## AIM OF THE EXERCISE:
Ignore the pictures in the data below and set down exactly the lines from its first line through the line containing "(1)共有左右兩隻小怪(隔一".

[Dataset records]
*** Block opens ***

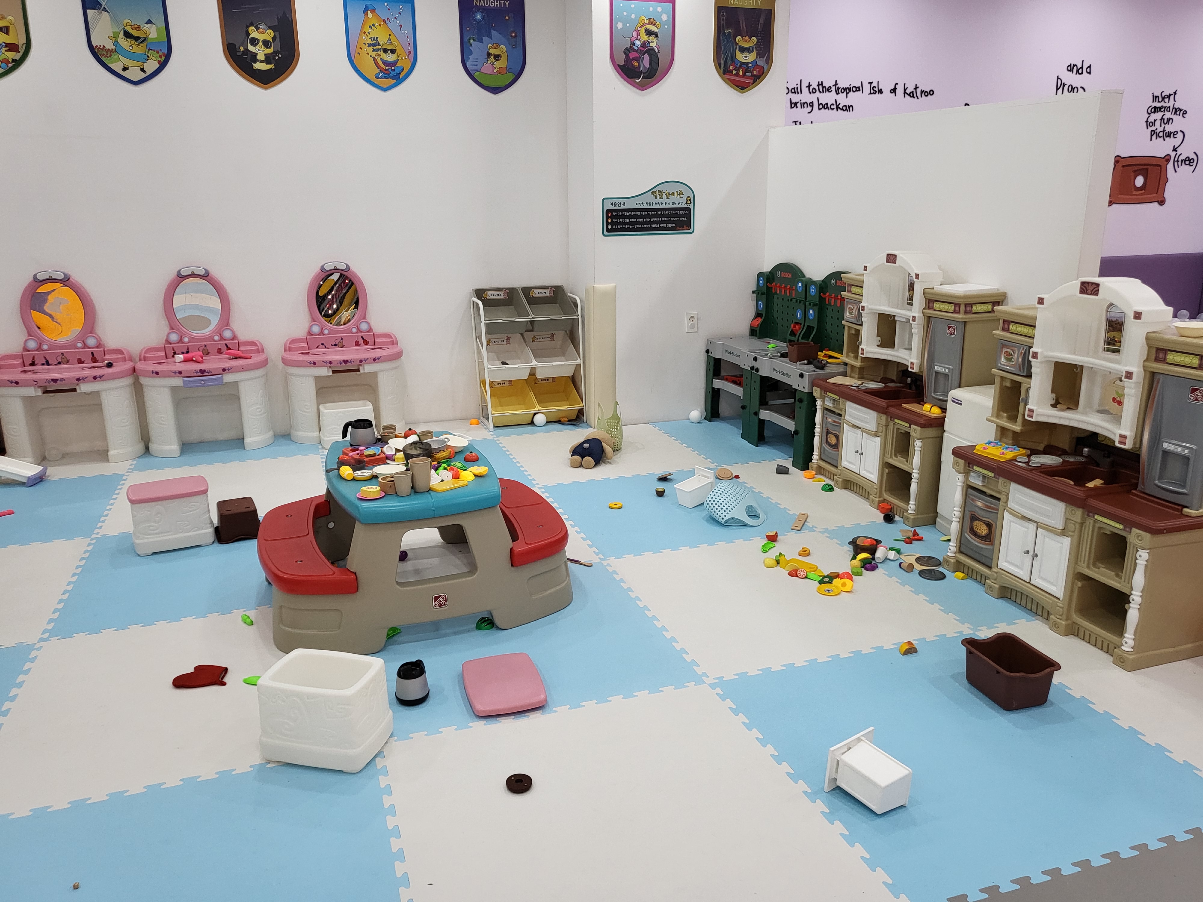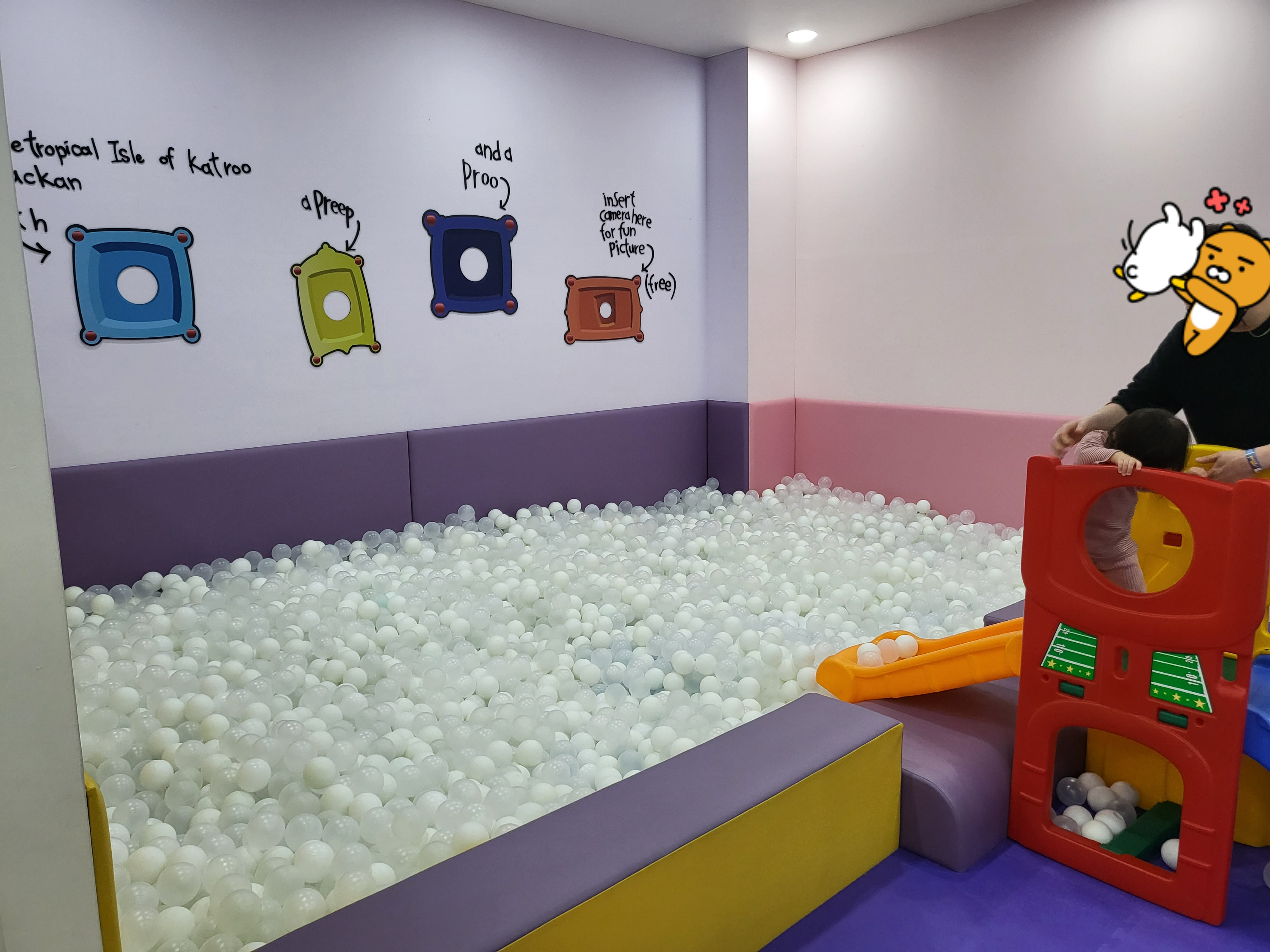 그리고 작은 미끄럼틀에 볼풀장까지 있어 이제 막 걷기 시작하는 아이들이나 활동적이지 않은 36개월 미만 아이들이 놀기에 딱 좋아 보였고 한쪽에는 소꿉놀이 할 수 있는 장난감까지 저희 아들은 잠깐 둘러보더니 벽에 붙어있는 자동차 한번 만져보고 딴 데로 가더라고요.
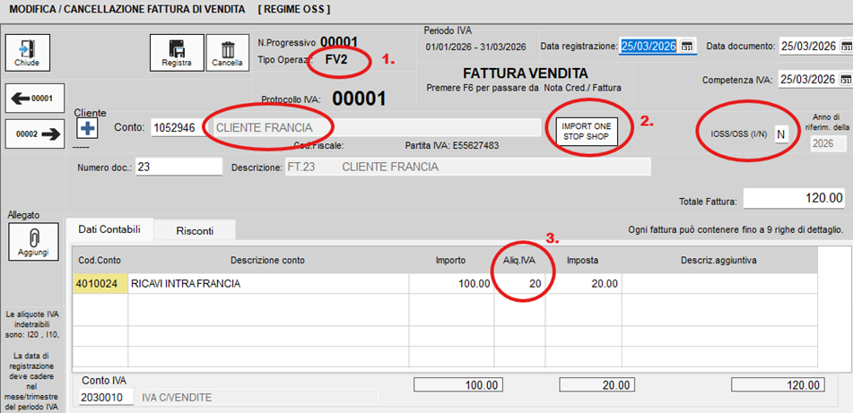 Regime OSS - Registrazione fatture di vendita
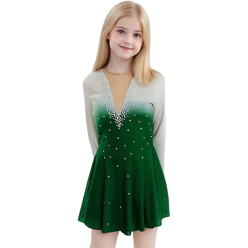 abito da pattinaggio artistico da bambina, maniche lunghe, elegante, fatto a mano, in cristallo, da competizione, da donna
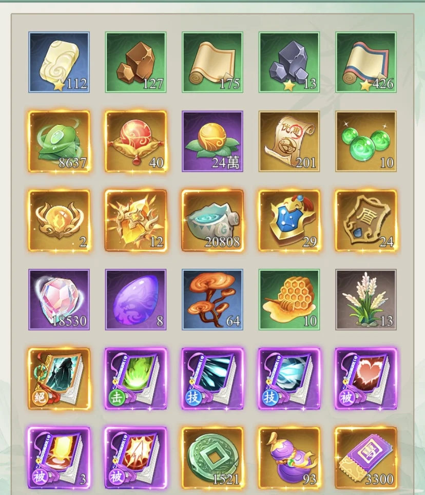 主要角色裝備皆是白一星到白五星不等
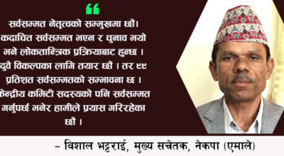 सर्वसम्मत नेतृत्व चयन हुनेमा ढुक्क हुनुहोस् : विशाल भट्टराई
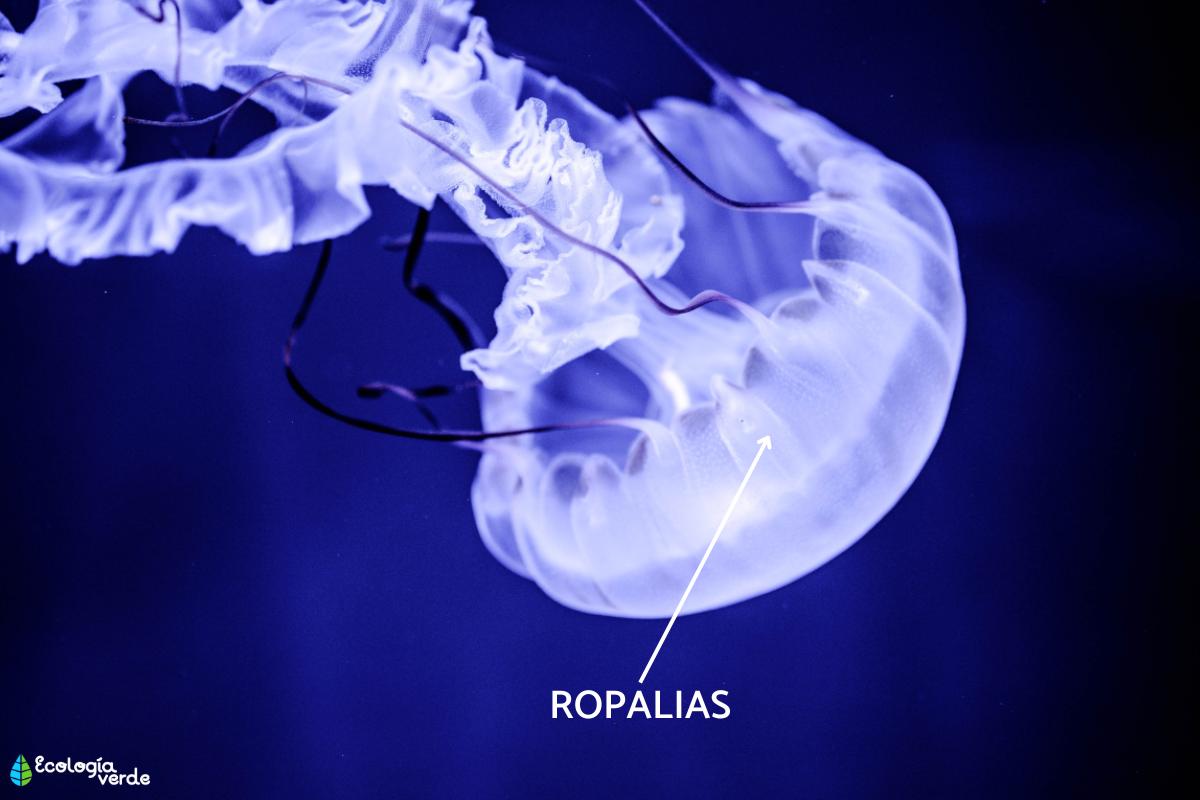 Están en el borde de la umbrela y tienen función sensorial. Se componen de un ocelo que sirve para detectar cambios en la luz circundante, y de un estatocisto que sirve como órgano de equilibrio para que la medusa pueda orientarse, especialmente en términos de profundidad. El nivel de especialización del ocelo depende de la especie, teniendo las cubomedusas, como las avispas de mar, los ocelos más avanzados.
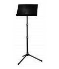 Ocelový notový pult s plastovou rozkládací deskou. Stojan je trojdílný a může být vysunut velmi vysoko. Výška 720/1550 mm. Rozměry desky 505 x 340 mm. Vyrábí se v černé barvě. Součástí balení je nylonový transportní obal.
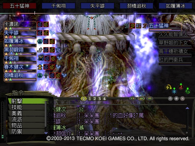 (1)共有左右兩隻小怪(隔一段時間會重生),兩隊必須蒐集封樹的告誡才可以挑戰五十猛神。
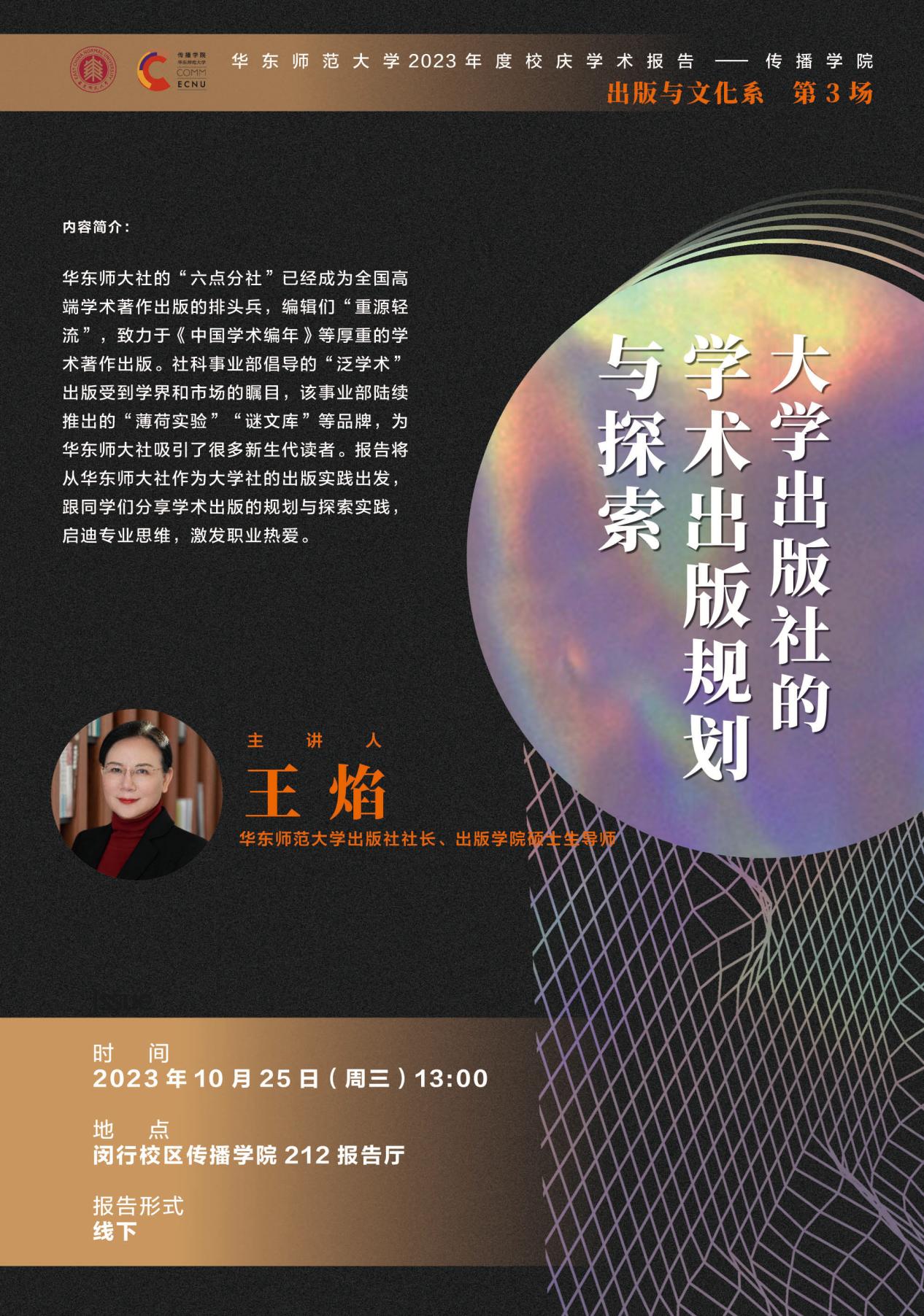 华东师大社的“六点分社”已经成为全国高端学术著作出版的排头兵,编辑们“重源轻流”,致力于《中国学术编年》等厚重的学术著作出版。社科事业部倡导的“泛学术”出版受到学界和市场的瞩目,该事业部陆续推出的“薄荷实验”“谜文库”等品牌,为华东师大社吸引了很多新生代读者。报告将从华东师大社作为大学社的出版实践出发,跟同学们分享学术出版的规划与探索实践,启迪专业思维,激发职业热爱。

*** Block closes ***

## COMPLETED EXERCISE:
 그리고 작은 미끄럼틀에 볼풀장까지 있어 이제 막 걷기 시작하는 아이들이나 활동적이지 않은 36개월 미만 아이들이 놀기에 딱 좋아 보였고 한쪽에는 소꿉놀이 할 수 있는 장난감까지 저희 아들은 잠깐 둘러보더니 벽에 붙어있는 자동차 한번 만져보고 딴 데로 가더라고요.
 Regime OSS - Registrazione fatture di vendita
 abito da pattinaggio artistico da bambina, maniche lunghe, elegante, fatto a mano, in cristallo, da competizione, da donna
 主要角色裝備皆是白一星到白五星不等
 सर्वसम्मत नेतृत्व चयन हुनेमा ढुक्क हुनुहोस् : विशाल भट्टराई
 Están en el borde de la umbrela y tienen función sensorial. Se componen de un ocelo que sirve para detectar cambios en la luz circundante, y de un estatocisto que sirve como órgano de equilibrio para que la medusa pueda orientarse, especialmente en términos de profundidad. El nivel de especialización del ocelo depende de la especie, teniendo las cubomedusas, como las avispas de mar, los ocelos más avanzados.
 Ocelový notový pult s plastovou rozkládací deskou. Stojan je trojdílný a může být vysunut velmi vysoko. Výška 720/1550 mm. Rozměry desky 505 x 340 mm. Vyrábí se v černé barvě. Součástí balení je nylonový transportní obal.
 (1)共有左右兩隻小怪(隔一段時間會重生),兩隊必須蒐集封樹的告誡才可以挑戰五十猛神。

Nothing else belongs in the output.